Aujourd’hui, les pratiques de la CIA au Liban sont étudiées à Washington, afin de déterminer si les fuites sont dues à des erreurs de la part des agents de la CIA. C’est dans le cadre de cette enquête que Mike Rogers, président de la commission du renseignement à la Chambre des Représentants, a effectué une visite à Beyrouth récemment.
Aujourd'hui, un grand flou entoure ce dossier. Selon une source, rapporte le LA Times, « des officiers de la CIA auraient rencontré une série d’informateurs libanais dans un Pizza Hut local, ce qui aurait permis au Hezbollah et aux autorités libanaise d’identifier qui aide la CIA ». Mais là aussi, des officiels américains remettent en cause la version Pizza Hut. Ces responsables rejettent également les accusations selon lesquelles le chef du bureau de la CIA à Beyrouth aurait ignoré un e-mail indiquant que des agents libanais avaient été identifiés car ils utilisaient toujours le même téléphone cellulaire pour joindre les agents de la CIA.
Ce chef de bureau aurait été rapatrié au QG de la CIA aux Etats-Unis, où il superviserait les opérations visant le Hezbollah.
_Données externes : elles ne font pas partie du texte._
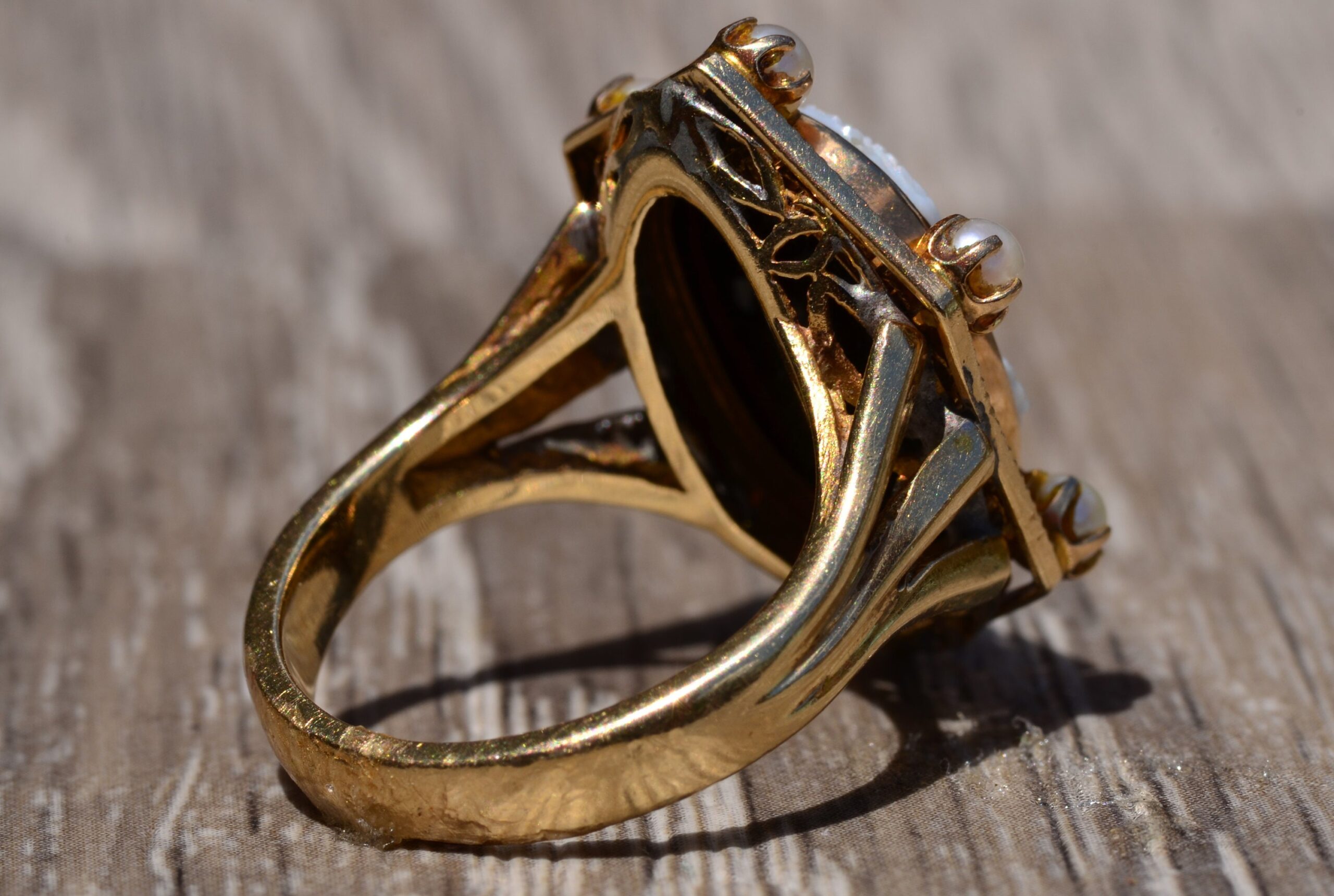 Antique Filigree Cameo Ring finished with six Pearls surrounding the center. The center is a hand carved cameo. Surrounding the center between the pearls is an intricate filigree pattern. The ring is crafted in 14 karat yellow gold and is very comfortable to wear. This ring is currently a finger size 6 3/4, but can be adjusted in size.

Le Hezbollah, affirme un responsable, « est un ennemi très compliqué. C’est une organisation terroriste déterminée, un acteur politique fort, une organisation militaire puissante et une organisation accomplie en terme de renseignement – formidable et sans pitié. Personne ne sous-estime ses capacités ».
En juin dernier, rappelle le LA Times, le secrétaire général du Hezbollah avait annoncé l’arrestation de trois membres du parti. Deux d’entre eux, avait-il précisé, étaient liés à la CIA, le troisième, à l'agence américaine, au Mossad ou bien à des agences européennes. Ces agents avaient été, selon Hassan Nasrallah, recrutés début 2001 par des personnes travaillant sous couverture diplomatique à l’ambassade des États-Unis. Des accusations rejetées par l’ambassade.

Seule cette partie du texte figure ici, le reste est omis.